John Hanna, Associated Press
TOPEKA, Kan. — An agreement among Kansas legislators over a proposed $14.1 billion state budget unraveled Friday, postponing big spending decisions for several weeks and possibly creating headaches for agencies and their clients.
The House's Republican leaders wanted to reopen budget talks that had appeared to resolve dozens of differences between their chamber and the Senate over the spending plan for the fiscal year that begins July 1. They said the budget legislation didn't match the deal cut Thursday, particularly when it came to how the state would cover nearly $25 million in unanticipated costs faced by the state's 286 school districts.
Senate negotiators balked, saying the terms of the deal were clear — and reflected in the budget legislation.

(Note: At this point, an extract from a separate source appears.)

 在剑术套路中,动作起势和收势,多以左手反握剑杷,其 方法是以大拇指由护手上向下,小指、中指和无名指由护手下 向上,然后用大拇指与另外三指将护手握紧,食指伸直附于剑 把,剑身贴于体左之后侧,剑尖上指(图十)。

The House canceled a vote on the compromise, and lawmakers adjourned for their annual spring break, leaving the issues to be resolved after they return April 25 to wrap up business for the year.
The impasse could have tangible consequences. Senators said state courts could have to close extra days and state parks could struggle to find enough workers at the start of tourist season because of shortfalls in fee collections.
"I don't know why in the world they're doing what they're doing," said Sen. John Vratil, a Leawood Republican and one of the negotiators.
The compromise budget plan would have dealt with most of the spending issues facing state government during the next fiscal year. It would have cut overall spending by 4.2 percent, or about $620 million, and leave the state with cash reserves of $523 million at the end of June 2013.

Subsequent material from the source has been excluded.